Now that we realize that there is an increase in CO2 in the emphysema client how
does this affect the chemoreceptors? The normal ABG will have a PaO2 of 80-100 and a
PaCO2 of 35-45, along with a Ph of 7.35 to 7.45. The chemoreceptors located in the
carotid bodies and the aortic arch will sense changes in the level of CO2 in the blood and
increase their impulses to the respiratory center of the brain which in turn increase the
impulse and contraction the skeletal muscle of the chest notability the diaphragm,
external intercostals, scalenes and the sternocleidomastoid muscles (fig 23.14, 23.18, and
23.27).
However with an emphysema client it is not uncommon to have a CO2 level of
50-70mmHg and an O2 less an 88mmHg, which causes a drop in the Ph to below 7.35
during in exacerbation of their emphysema. Because of the increase CO2 level in the
blood it will bind to the H2O form carbonic acid H2CO3 that will rapidly convert to
Hydrogen and H2CO3 (hydrogen and bicarbonate). There needs to be a 20:1 ratio
between bicarbonate and hydrogen to cancel them selves out, it is only a matter of time
until all buffer systems fails and the client become acidotic. The over accumulation of
CO2 in the blood for a chronic period of time eight to ten years causes the chemoreceptor
to become desensitized and they no longer see changes in the CO2 level. The desensitized
receptors how change their focus from CO2 to O2 levels. Remember that the COPD
client O2 levels are normally below 92mmHg and if the level drops the receptors will
increase the impulses to the brain stem, which in turn will increase the respiratory rate.
However the Inspiratory center of the brain is more strongly stimulated by an increase of
CO2 then it is by a drop in O2 levels in the arteriole blood. As an example if a diver were
to hyperventilate cause a drop in the CO2 level and a rise in the O2 level, while
swimming under water he would consume the O2 at a faster rate then he would produce
carbon dioxide, thus causing him to pass out under water due to the lack of O2 by for the
CO2 would have a chance to rise to alert him to breath. (Tortora PG 839)

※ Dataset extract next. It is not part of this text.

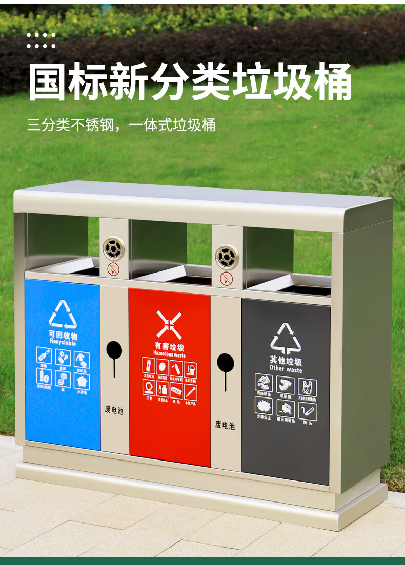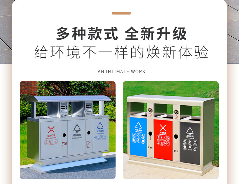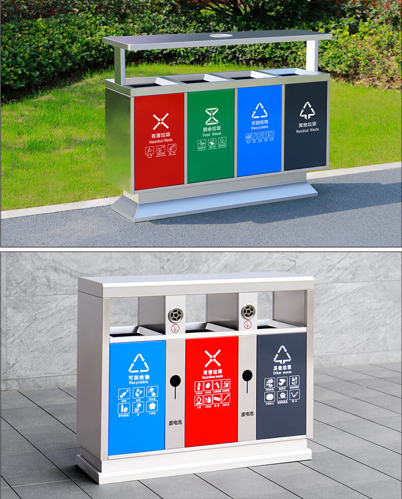 Maixiang sanitation outdoor trash can customized new national standard classification sanitation 201 stainless steel peel box dry and wet separation large commercial trash can outdoor park scenic spot property shopping mall

If the emphysema client is in acute distress we will administer high flow O2 along
with bronchial dilators while closely watching for changes in the respiratory effort, rate
and depth. With this is in mind it is important to remember that an emphysema client
can’t handle high flow O2 for prolong periods of time because the increase in the blood
PaO2 levels above 95-100mmHg will in fact suppress the respiratory function an stop
any and all desire to breath. The client will cease to breath and develop a life threatening
respiratory arrest. This in turn will cause the client to be placed on a ventilator, and they
will have to be weaned off of it, which in some cases is nearly impossible because of the
hypoxic drive. Any attempt to decrease the O2 level to encourage them to breath will
cause an increase in the CO2 levels, however do to the fact that an increased CO2 level
will not stimulate them to breath and before the O2 level can drop low enough to
stimulate respiration the client will develop respiratory acidosis; it causes a self-perpetual
problem.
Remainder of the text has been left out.